_Your instructions_
Beginning with the line that contains "この図では破線で書かれたライ", copy each subsequent line of the data below through the last one, including both ends but not the pictures.

[Items from a dataset]
◇ ◇ ◇ ◇
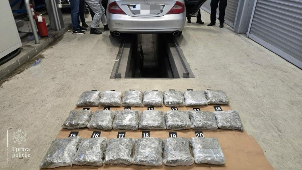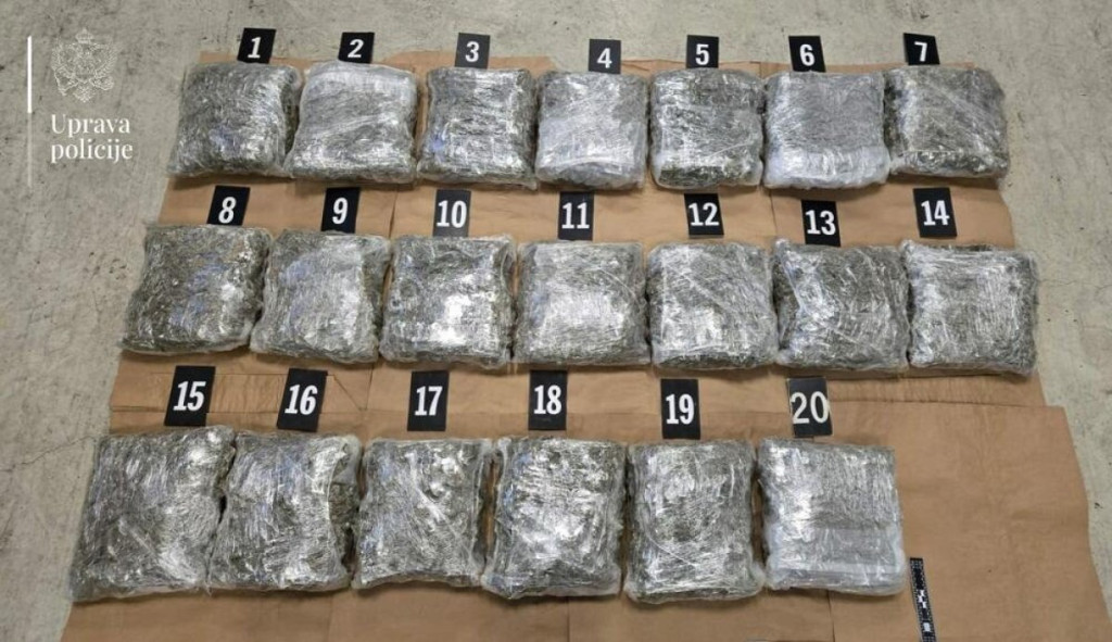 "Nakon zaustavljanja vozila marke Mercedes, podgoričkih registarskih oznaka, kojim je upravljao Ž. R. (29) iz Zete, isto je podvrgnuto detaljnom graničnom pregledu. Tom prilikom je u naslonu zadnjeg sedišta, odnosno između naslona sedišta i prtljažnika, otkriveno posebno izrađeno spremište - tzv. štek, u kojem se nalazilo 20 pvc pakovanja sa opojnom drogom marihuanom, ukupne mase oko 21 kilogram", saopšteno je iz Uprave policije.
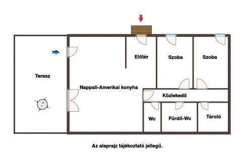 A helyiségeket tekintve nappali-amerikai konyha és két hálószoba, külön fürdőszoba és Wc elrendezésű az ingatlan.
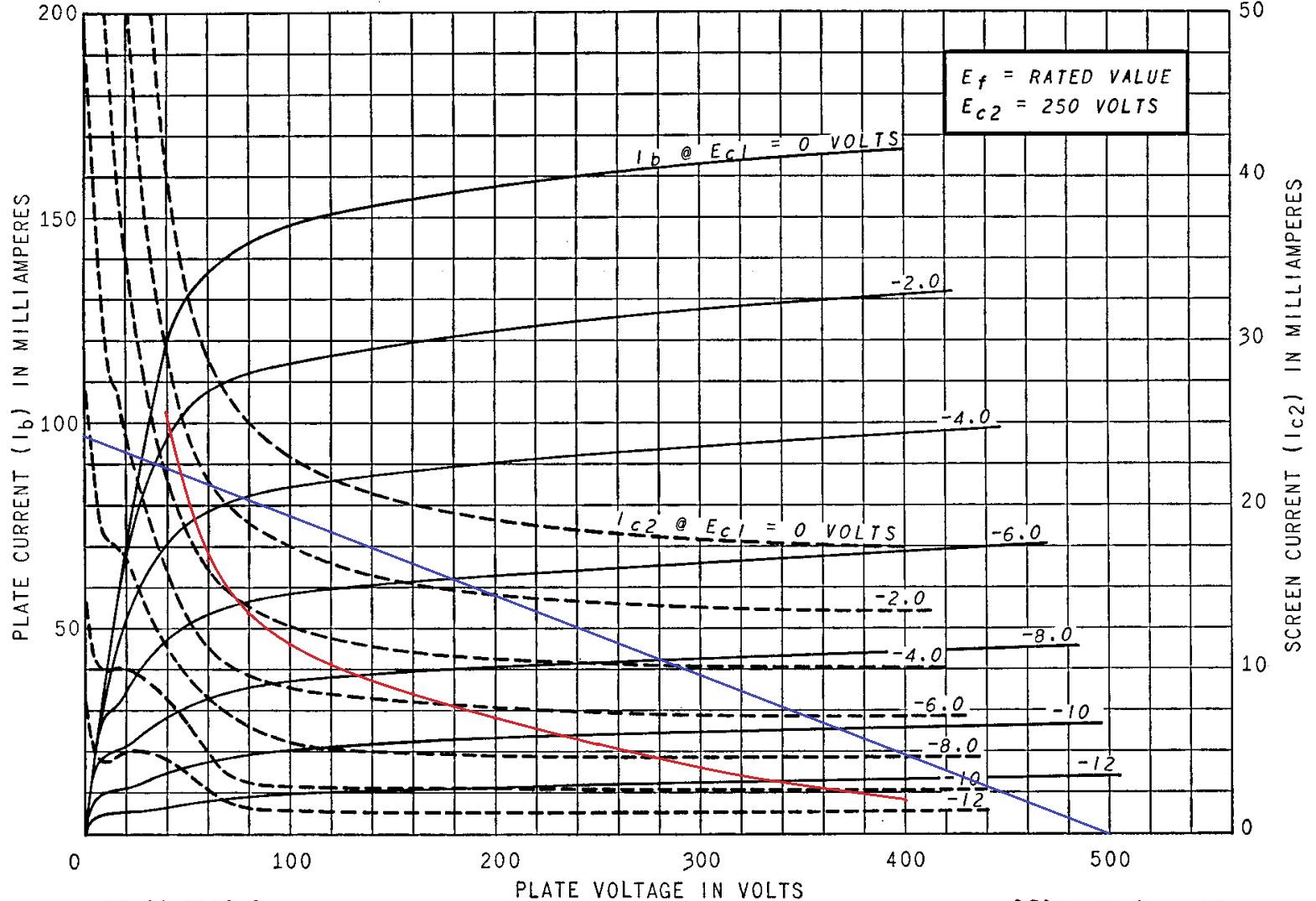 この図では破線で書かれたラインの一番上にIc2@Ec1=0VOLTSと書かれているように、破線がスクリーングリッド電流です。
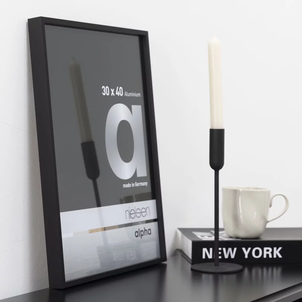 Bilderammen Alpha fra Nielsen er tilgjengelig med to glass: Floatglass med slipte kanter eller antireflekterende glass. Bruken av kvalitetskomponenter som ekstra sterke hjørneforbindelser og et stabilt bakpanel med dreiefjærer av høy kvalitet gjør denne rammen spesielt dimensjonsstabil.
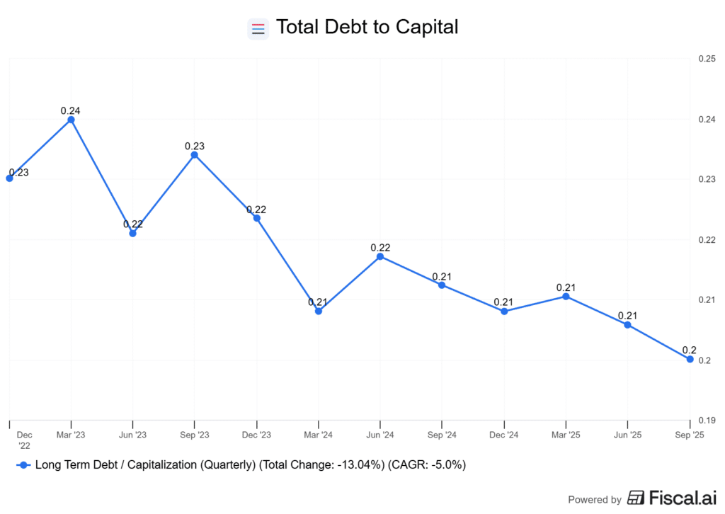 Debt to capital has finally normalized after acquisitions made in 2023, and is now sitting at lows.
◇ ◇ ◇ ◇
_Answer below_
 この図では破線で書かれたラインの一番上にIc2@Ec1=0VOLTSと書かれているように、破線がスクリーングリッド電流です。
 Bilderammen Alpha fra Nielsen er tilgjengelig med to glass: Floatglass med slipte kanter eller antireflekterende glass. Bruken av kvalitetskomponenter som ekstra sterke hjørneforbindelser og et stabilt bakpanel med dreiefjærer av høy kvalitet gjør denne rammen spesielt dimensjonsstabil.
 Debt to capital has finally normalized after acquisitions made in 2023, and is now sitting at lows.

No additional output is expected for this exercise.